>>>

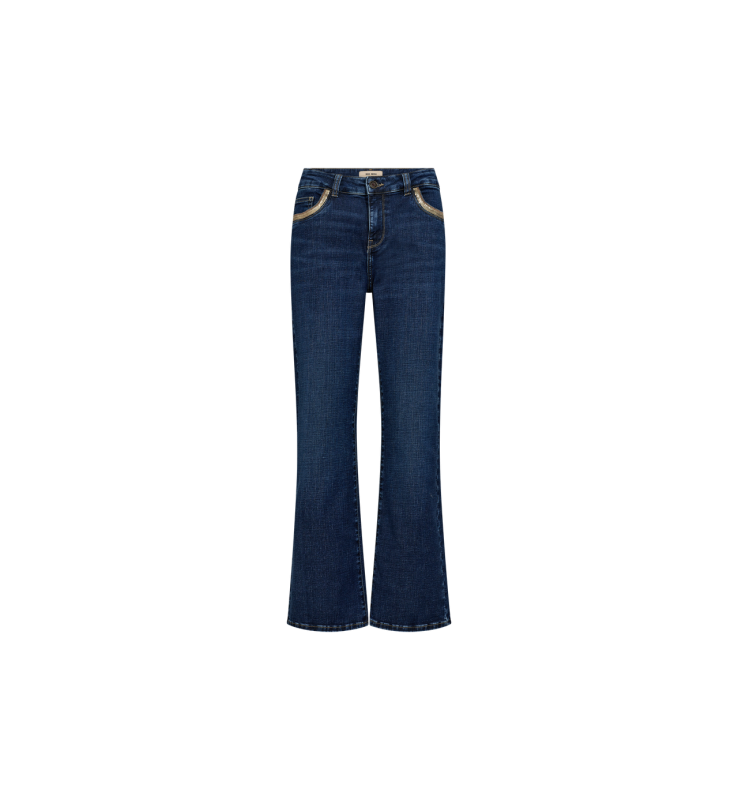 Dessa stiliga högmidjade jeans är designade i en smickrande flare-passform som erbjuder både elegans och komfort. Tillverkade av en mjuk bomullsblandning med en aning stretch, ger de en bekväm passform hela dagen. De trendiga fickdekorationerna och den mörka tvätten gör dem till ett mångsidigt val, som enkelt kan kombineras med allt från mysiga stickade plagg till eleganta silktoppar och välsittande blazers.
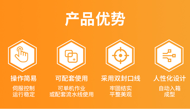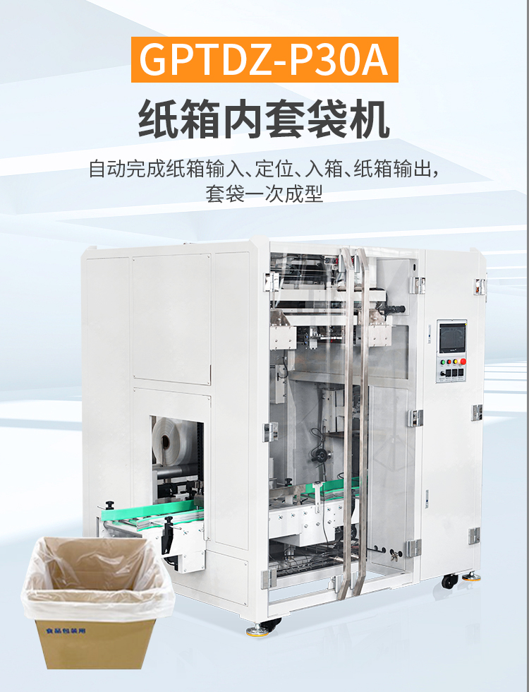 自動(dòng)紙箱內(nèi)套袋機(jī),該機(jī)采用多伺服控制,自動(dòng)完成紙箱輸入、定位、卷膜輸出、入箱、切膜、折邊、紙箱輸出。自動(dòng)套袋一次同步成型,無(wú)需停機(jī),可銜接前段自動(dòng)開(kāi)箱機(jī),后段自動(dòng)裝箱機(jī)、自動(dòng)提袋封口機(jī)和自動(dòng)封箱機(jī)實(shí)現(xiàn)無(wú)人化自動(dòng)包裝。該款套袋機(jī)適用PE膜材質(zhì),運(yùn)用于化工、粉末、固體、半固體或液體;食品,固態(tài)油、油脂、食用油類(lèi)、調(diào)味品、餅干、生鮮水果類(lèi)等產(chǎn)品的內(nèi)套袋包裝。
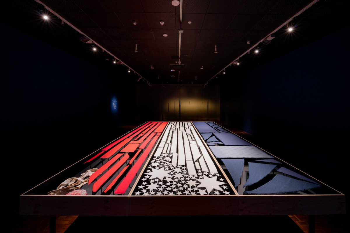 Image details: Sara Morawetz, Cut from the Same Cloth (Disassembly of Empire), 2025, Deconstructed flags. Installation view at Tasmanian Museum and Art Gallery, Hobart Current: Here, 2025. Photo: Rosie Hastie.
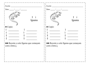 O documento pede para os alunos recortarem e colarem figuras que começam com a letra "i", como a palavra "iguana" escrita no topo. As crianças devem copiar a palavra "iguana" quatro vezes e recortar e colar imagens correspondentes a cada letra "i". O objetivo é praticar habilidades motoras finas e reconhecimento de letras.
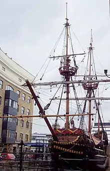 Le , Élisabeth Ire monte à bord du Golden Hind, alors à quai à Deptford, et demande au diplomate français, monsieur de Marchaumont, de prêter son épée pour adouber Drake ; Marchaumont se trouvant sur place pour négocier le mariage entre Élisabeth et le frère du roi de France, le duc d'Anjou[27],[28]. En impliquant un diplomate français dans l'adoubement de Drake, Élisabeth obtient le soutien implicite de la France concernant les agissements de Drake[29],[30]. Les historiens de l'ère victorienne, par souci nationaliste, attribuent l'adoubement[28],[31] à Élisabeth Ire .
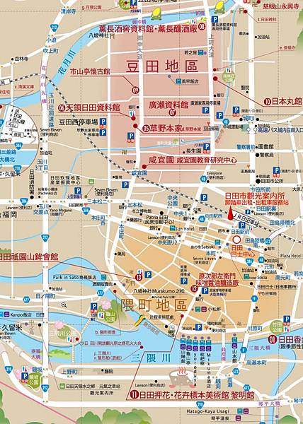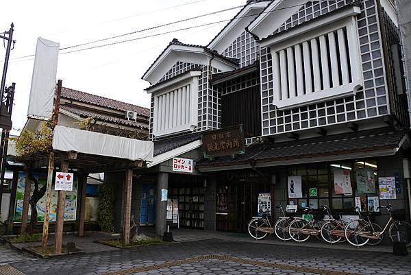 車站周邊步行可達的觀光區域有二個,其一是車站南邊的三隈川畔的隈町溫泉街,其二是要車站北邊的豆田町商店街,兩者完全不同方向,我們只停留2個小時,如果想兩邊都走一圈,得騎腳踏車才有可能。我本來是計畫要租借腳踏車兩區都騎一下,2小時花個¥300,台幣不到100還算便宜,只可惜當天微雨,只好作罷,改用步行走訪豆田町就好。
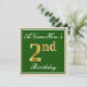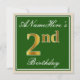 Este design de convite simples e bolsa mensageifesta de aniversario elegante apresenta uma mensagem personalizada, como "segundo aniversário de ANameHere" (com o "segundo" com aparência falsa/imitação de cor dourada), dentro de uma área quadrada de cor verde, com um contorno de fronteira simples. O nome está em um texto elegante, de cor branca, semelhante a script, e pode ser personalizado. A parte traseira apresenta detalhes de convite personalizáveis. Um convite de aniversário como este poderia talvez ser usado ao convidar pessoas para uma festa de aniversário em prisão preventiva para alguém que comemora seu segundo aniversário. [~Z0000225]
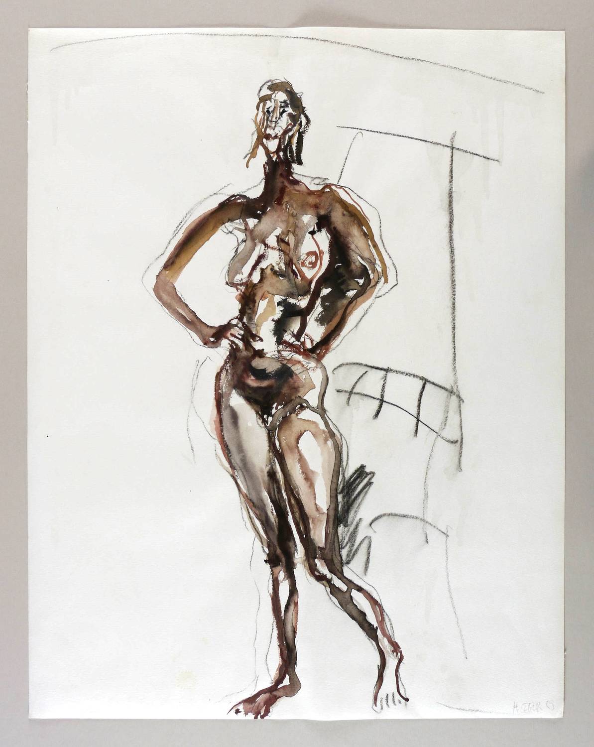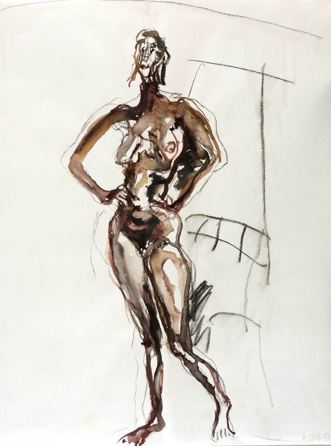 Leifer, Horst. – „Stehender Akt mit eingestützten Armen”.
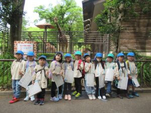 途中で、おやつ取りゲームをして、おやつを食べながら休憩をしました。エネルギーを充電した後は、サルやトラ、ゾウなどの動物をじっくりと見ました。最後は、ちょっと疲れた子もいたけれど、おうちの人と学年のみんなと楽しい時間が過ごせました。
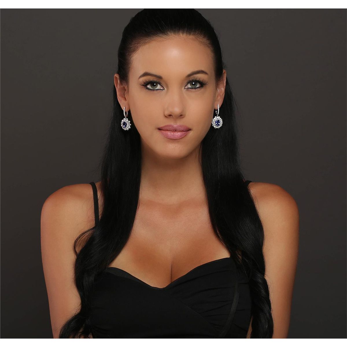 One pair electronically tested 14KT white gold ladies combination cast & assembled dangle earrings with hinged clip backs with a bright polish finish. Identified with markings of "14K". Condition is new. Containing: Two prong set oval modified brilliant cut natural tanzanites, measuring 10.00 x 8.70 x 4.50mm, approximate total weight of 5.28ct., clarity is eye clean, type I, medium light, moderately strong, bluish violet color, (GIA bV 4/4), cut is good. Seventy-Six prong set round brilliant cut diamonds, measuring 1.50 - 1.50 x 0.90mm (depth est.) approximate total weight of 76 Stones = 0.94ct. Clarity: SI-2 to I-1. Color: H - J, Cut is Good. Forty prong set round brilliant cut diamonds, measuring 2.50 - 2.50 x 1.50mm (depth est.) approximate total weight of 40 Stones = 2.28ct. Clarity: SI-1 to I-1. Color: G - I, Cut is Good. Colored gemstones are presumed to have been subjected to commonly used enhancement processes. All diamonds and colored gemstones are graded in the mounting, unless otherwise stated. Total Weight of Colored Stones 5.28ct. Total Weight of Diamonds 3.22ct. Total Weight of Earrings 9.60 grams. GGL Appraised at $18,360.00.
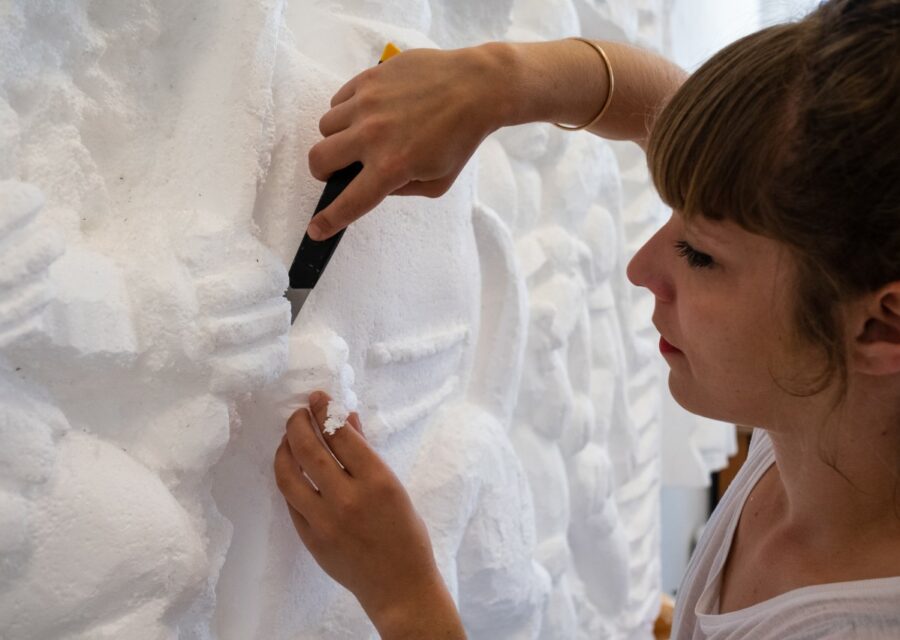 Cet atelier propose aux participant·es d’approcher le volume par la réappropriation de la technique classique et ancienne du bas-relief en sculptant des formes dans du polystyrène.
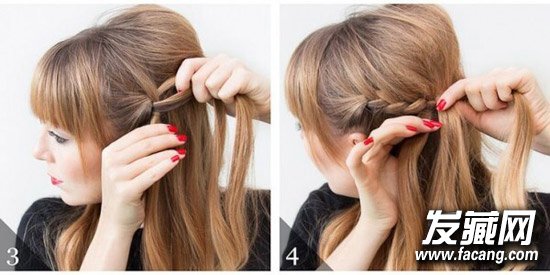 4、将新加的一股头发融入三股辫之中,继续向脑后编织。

<<<

WHAT TO PRODUCE: The lines above should be transcribed exactly, with every image removed.

WRITTEN SOLUTION:
 Dessa stiliga högmidjade jeans är designade i en smickrande flare-passform som erbjuder både elegans och komfort. Tillverkade av en mjuk bomullsblandning med en aning stretch, ger de en bekväm passform hela dagen. De trendiga fickdekorationerna och den mörka tvätten gör dem till ett mångsidigt val, som enkelt kan kombineras med allt från mysiga stickade plagg till eleganta silktoppar och välsittande blazers.
 自動(dòng)紙箱內(nèi)套袋機(jī),該機(jī)采用多伺服控制,自動(dòng)完成紙箱輸入、定位、卷膜輸出、入箱、切膜、折邊、紙箱輸出。自動(dòng)套袋一次同步成型,無(wú)需停機(jī),可銜接前段自動(dòng)開(kāi)箱機(jī),后段自動(dòng)裝箱機(jī)、自動(dòng)提袋封口機(jī)和自動(dòng)封箱機(jī)實(shí)現(xiàn)無(wú)人化自動(dòng)包裝。該款套袋機(jī)適用PE膜材質(zhì),運(yùn)用于化工、粉末、固體、半固體或液體;食品,固態(tài)油、油脂、食用油類(lèi)、調(diào)味品、餅干、生鮮水果類(lèi)等產(chǎn)品的內(nèi)套袋包裝。
 Image details: Sara Morawetz, Cut from the Same Cloth (Disassembly of Empire), 2025, Deconstructed flags. Installation view at Tasmanian Museum and Art Gallery, Hobart Current: Here, 2025. Photo: Rosie Hastie.
 O documento pede para os alunos recortarem e colarem figuras que começam com a letra "i", como a palavra "iguana" escrita no topo. As crianças devem copiar a palavra "iguana" quatro vezes e recortar e colar imagens correspondentes a cada letra "i". O objetivo é praticar habilidades motoras finas e reconhecimento de letras.
 Le , Élisabeth Ire monte à bord du Golden Hind, alors à quai à Deptford, et demande au diplomate français, monsieur de Marchaumont, de prêter son épée pour adouber Drake ; Marchaumont se trouvant sur place pour négocier le mariage entre Élisabeth et le frère du roi de France, le duc d'Anjou[27],[28]. En impliquant un diplomate français dans l'adoubement de Drake, Élisabeth obtient le soutien implicite de la France concernant les agissements de Drake[29],[30]. Les historiens de l'ère victorienne, par souci nationaliste, attribuent l'adoubement[28],[31] à Élisabeth Ire .
 車站周邊步行可達的觀光區域有二個,其一是車站南邊的三隈川畔的隈町溫泉街,其二是要車站北邊的豆田町商店街,兩者完全不同方向,我們只停留2個小時,如果想兩邊都走一圈,得騎腳踏車才有可能。我本來是計畫要租借腳踏車兩區都騎一下,2小時花個¥300,台幣不到100還算便宜,只可惜當天微雨,只好作罷,改用步行走訪豆田町就好。
 Este design de convite simples e bolsa mensageifesta de aniversario elegante apresenta uma mensagem personalizada, como "segundo aniversário de ANameHere" (com o "segundo" com aparência falsa/imitação de cor dourada), dentro de uma área quadrada de cor verde, com um contorno de fronteira simples. O nome está em um texto elegante, de cor branca, semelhante a script, e pode ser personalizado. A parte traseira apresenta detalhes de convite personalizáveis. Um convite de aniversário como este poderia talvez ser usado ao convidar pessoas para uma festa de aniversário em prisão preventiva para alguém que comemora seu segundo aniversário. [~Z0000225]
 Leifer, Horst. – „Stehender Akt mit eingestützten Armen”.
 途中で、おやつ取りゲームをして、おやつを食べながら休憩をしました。エネルギーを充電した後は、サルやトラ、ゾウなどの動物をじっくりと見ました。最後は、ちょっと疲れた子もいたけれど、おうちの人と学年のみんなと楽しい時間が過ごせました。
 One pair electronically tested 14KT white gold ladies combination cast & assembled dangle earrings with hinged clip backs with a bright polish finish. Identified with markings of "14K". Condition is new. Containing: Two prong set oval modified brilliant cut natural tanzanites, measuring 10.00 x 8.70 x 4.50mm, approximate total weight of 5.28ct., clarity is eye clean, type I, medium light, moderately strong, bluish violet color, (GIA bV 4/4), cut is good. Seventy-Six prong set round brilliant cut diamonds, measuring 1.50 - 1.50 x 0.90mm (depth est.) approximate total weight of 76 Stones = 0.94ct. Clarity: SI-2 to I-1. Color: H - J, Cut is Good. Forty prong set round brilliant cut diamonds, measuring 2.50 - 2.50 x 1.50mm (depth est.) approximate total weight of 40 Stones = 2.28ct. Clarity: SI-1 to I-1. Color: G - I, Cut is Good. Colored gemstones are presumed to have been subjected to commonly used enhancement processes. All diamonds and colored gemstones are graded in the mounting, unless otherwise stated. Total Weight of Colored Stones 5.28ct. Total Weight of Diamonds 3.22ct. Total Weight of Earrings 9.60 grams. GGL Appraised at $18,360.00.
 Cet atelier propose aux participant·es d’approcher le volume par la réappropriation de la technique classique et ancienne du bas-relief en sculptant des formes dans du polystyrène.
 4、将新加的一股头发融入三股辫之中,继续向脑后编织。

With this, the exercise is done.